* Source data:

*** Block opens ***

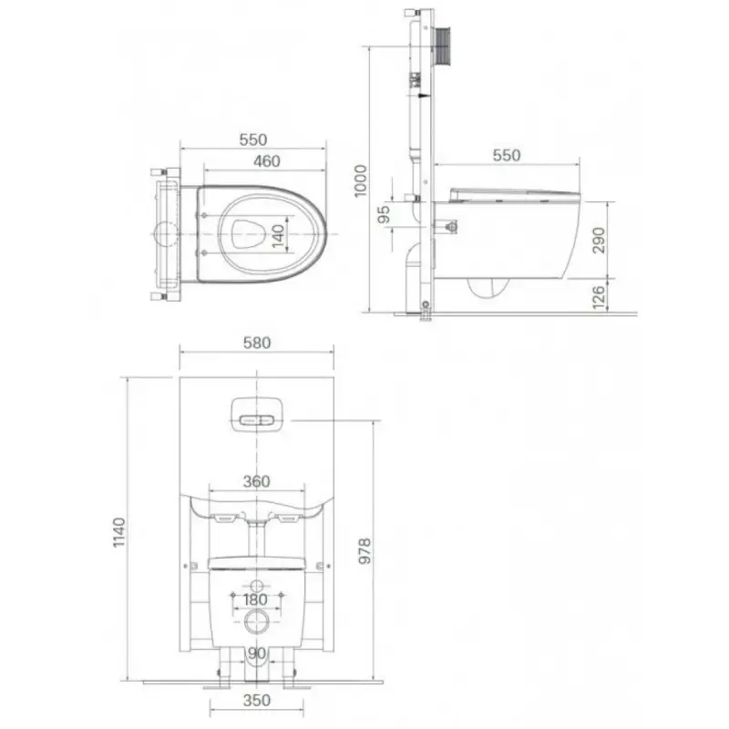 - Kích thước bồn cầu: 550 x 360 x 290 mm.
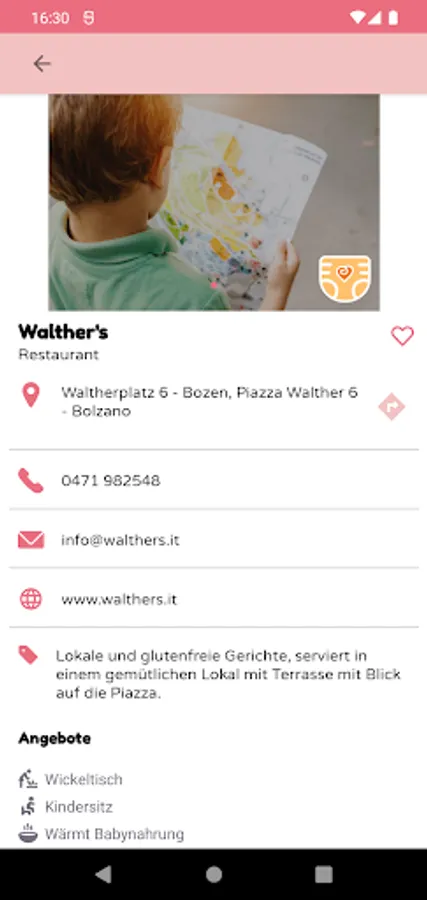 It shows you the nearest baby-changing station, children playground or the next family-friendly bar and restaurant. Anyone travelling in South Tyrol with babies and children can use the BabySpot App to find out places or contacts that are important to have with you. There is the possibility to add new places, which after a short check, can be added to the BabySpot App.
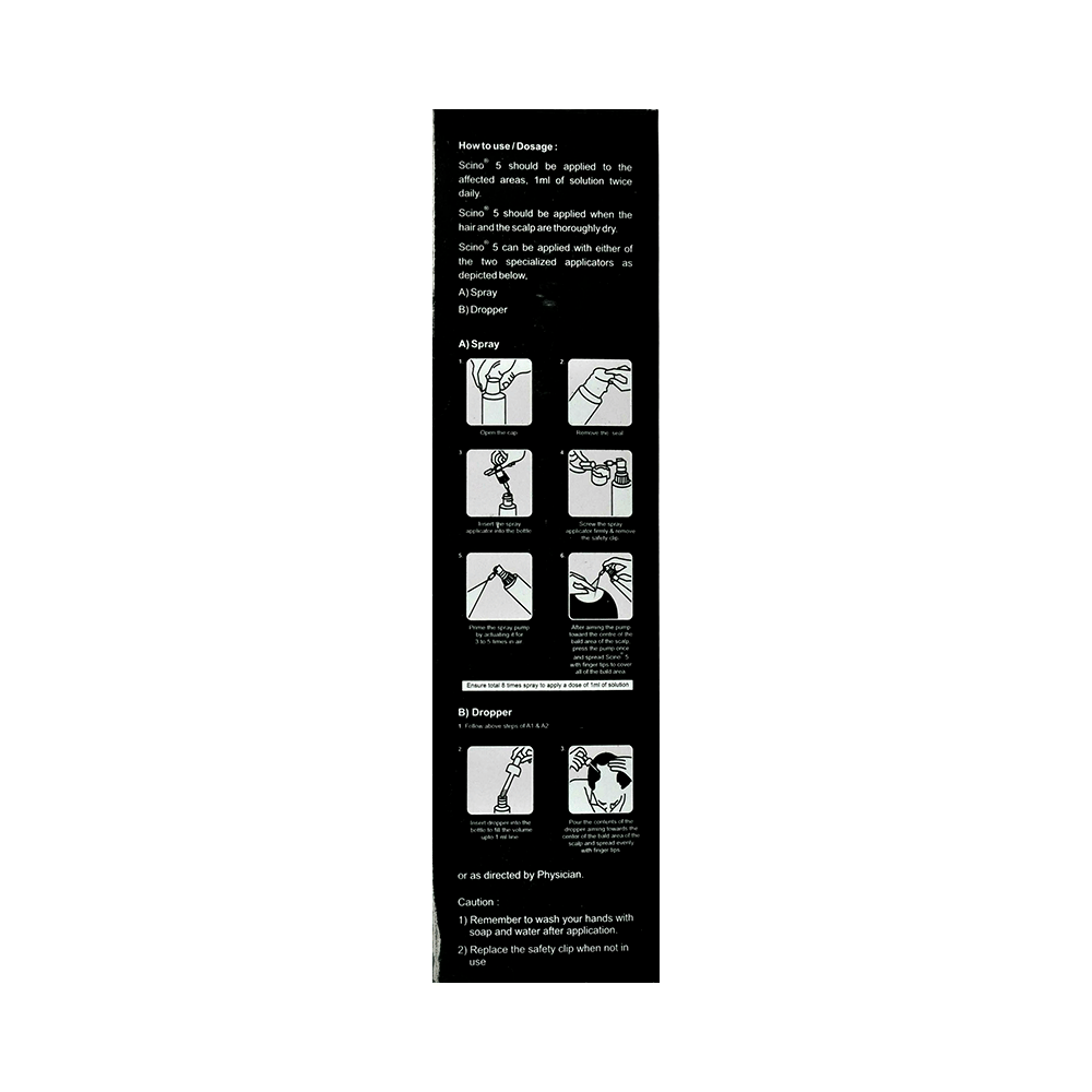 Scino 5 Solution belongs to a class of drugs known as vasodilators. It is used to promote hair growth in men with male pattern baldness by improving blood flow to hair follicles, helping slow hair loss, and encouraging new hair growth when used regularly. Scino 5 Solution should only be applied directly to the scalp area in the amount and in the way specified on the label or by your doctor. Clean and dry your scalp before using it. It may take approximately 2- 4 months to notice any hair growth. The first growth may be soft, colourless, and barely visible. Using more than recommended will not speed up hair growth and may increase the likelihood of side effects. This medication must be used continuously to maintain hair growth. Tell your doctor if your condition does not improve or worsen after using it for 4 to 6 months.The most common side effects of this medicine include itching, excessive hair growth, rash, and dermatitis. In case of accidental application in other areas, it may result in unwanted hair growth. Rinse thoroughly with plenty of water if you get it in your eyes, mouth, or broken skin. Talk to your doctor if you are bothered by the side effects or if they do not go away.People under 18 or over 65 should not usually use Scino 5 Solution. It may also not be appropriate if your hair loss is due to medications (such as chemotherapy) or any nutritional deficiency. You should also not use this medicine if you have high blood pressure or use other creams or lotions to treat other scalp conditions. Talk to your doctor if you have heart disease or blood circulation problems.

*** Block closes ***

* Task: When you retype the listing, keep every line exactly as it is and drop the pictures.

* Answer space:
 - Kích thước bồn cầu: 550 x 360 x 290 mm.
 It shows you the nearest baby-changing station, children playground or the next family-friendly bar and restaurant. Anyone travelling in South Tyrol with babies and children can use the BabySpot App to find out places or contacts that are important to have with you. There is the possibility to add new places, which after a short check, can be added to the BabySpot App.
 Scino 5 Solution belongs to a class of drugs known as vasodilators. It is used to promote hair growth in men with male pattern baldness by improving blood flow to hair follicles, helping slow hair loss, and encouraging new hair growth when used regularly. Scino 5 Solution should only be applied directly to the scalp area in the amount and in the way specified on the label or by your doctor. Clean and dry your scalp before using it. It may take approximately 2- 4 months to notice any hair growth. The first growth may be soft, colourless, and barely visible. Using more than recommended will not speed up hair growth and may increase the likelihood of side effects. This medication must be used continuously to maintain hair growth. Tell your doctor if your condition does not improve or worsen after using it for 4 to 6 months.The most common side effects of this medicine include itching, excessive hair growth, rash, and dermatitis. In case of accidental application in other areas, it may result in unwanted hair growth. Rinse thoroughly with plenty of water if you get it in your eyes, mouth, or broken skin. Talk to your doctor if you are bothered by the side effects or if they do not go away.People under 18 or over 65 should not usually use Scino 5 Solution. It may also not be appropriate if your hair loss is due to medications (such as chemotherapy) or any nutritional deficiency. You should also not use this medicine if you have high blood pressure or use other creams or lotions to treat other scalp conditions. Talk to your doctor if you have heart disease or blood circulation problems.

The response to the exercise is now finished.